The agreement won’t affect European gas deliveries as supplies would be sourced from the Far Eastern route, but it could impact LNG imports into China, according to Kpler.
“This deal is expected to weigh on the outlook for LNG imports into China, especially as the import price is likely to be competitive with LNG,” Kpler analyst Laura Page told NGI. “Any new pipeline contracts with China could dent LNG imports, provided the price is competitive with LNG.”
The new Far Eastern route would deliver gas from the Pacific Island of Sakhalin via Gazprom’s Sakhalin-Khabarovsk-Vladivostok pipeline to northeast China’s Heilongjiang province. Gazprom plans to expand its existing pipeline, and increase capacity from 8 Bcm/year to 10 Bcm/year. Gazprom has not confirmed a start-up date.
China LNG Imports Rising
LNG imports to China were up by 17% year/year in 2021, overtaking Japan for the first time as the world’s largest LNG importer, the International Energy Agency (IEA) said in its latest quarterly gas report.

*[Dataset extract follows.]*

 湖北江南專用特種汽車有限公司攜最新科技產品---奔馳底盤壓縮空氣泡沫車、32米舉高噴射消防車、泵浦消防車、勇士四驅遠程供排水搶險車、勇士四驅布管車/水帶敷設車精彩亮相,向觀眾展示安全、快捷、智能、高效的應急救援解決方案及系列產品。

China is forecast to remain the single largest country contributor to import growth this year, the IEA said, but its “growth rate drops to 9% in 2022 due to the ramp-up of pipeline flows from Russia and the overall slowdown in gas demand growth.”
Although China’s 2021 LNG imports reached a record high of 79.56 million tons (Mt), compared to 68.23 Mt delivered in 2020, according to Kpler, lower prices for pipeline gas compared to spot LNG supported China’s increase in pipeline imports last year.

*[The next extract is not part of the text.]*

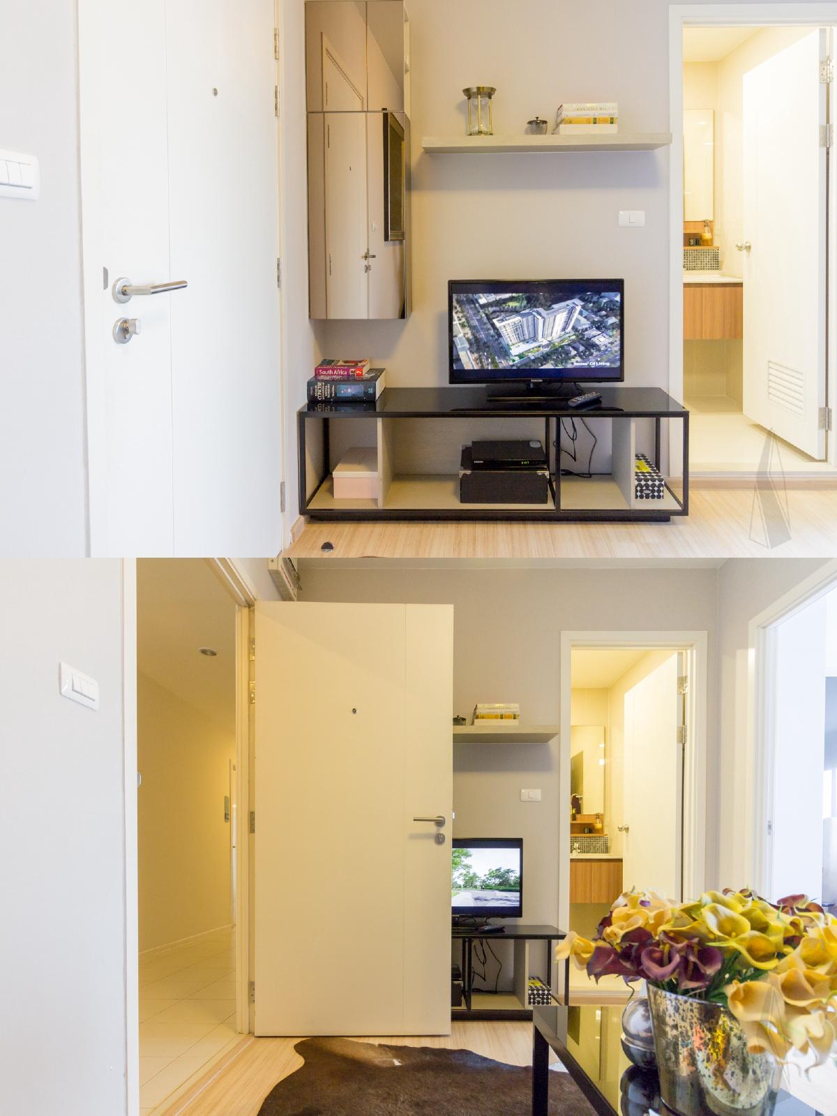 ด้านหลังประตูทุกห้องจะติดตั้ง Door stopper กันประตูกระแทกเข้ากับเฟอร์นิเจอร์ หรือผนังให้เรียบร้อย

China pipeline imports reached 42.43 Mt in 2021, up from 34.53 Mt imported in 2020, according to China Customs data. China imports gas via pipeline from Russia, Turkmenistan, Kazakhstan, and Myanmar.
POS and POS 2
In 2014, Gazprom and CNPC signed a 30-year sales and purchase agreement for 38 Bcm/year to be supplied via the Power of Siberia (POS) gas pipeline.

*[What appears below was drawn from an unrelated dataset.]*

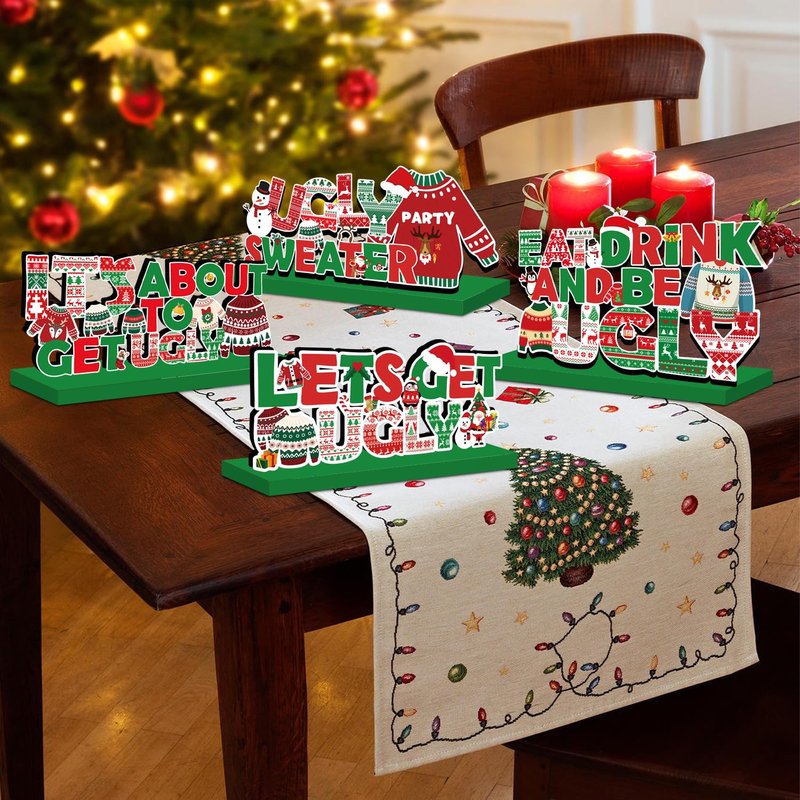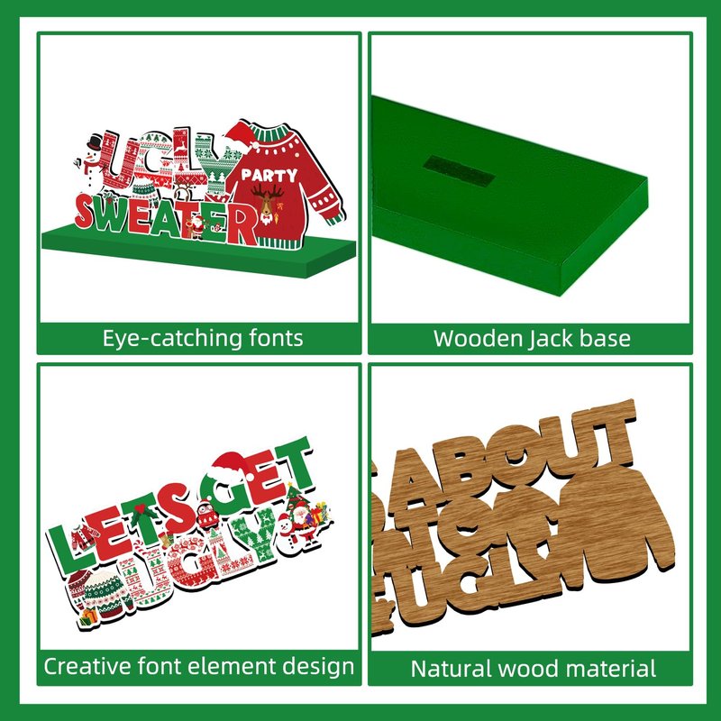 - Easy to Install: You will receive 4 different patterns of ugly sweater party supplies, just insert the wooden ugly sweater party decorations centre piece into the slit of the base to fix the centre piece, simple and solid. The ugly sweater party supplies are also removable, very easy for daily storage.

The POS exported 8.5 Bcm to China in 2021, up from 4.1 Bcm in 2020, according to Gazprom data. Gazprom expects to increase exports via POS to 14 Bcm this year, and to reach 38 Bcm by 2025.
POS 2 would double gas exports from Russia to China via Mongolia and has an estimated start-up of 2031, but has yet to reach a final investment decision. “Future deliveries through POS 2 would also have a bearish impact on the LNG demand outlook if it gets the go-ahead,” Page said.
POS 2 could have a direct impact on European supplies after 2030. POS 2 would connect to Russia’s reserves in Western Siberia on the Yamal Peninsula, also a source for deliveries to Europe. Gazprom would then have the flexibility to deliver to China and/or Europe.
“While Europe will remain reliant on Russian gas supplies in the near term, in the longer-term this may lead to a more diversified supplier base and faster energy transition,” Fitch Ratings said in a research note on Monday.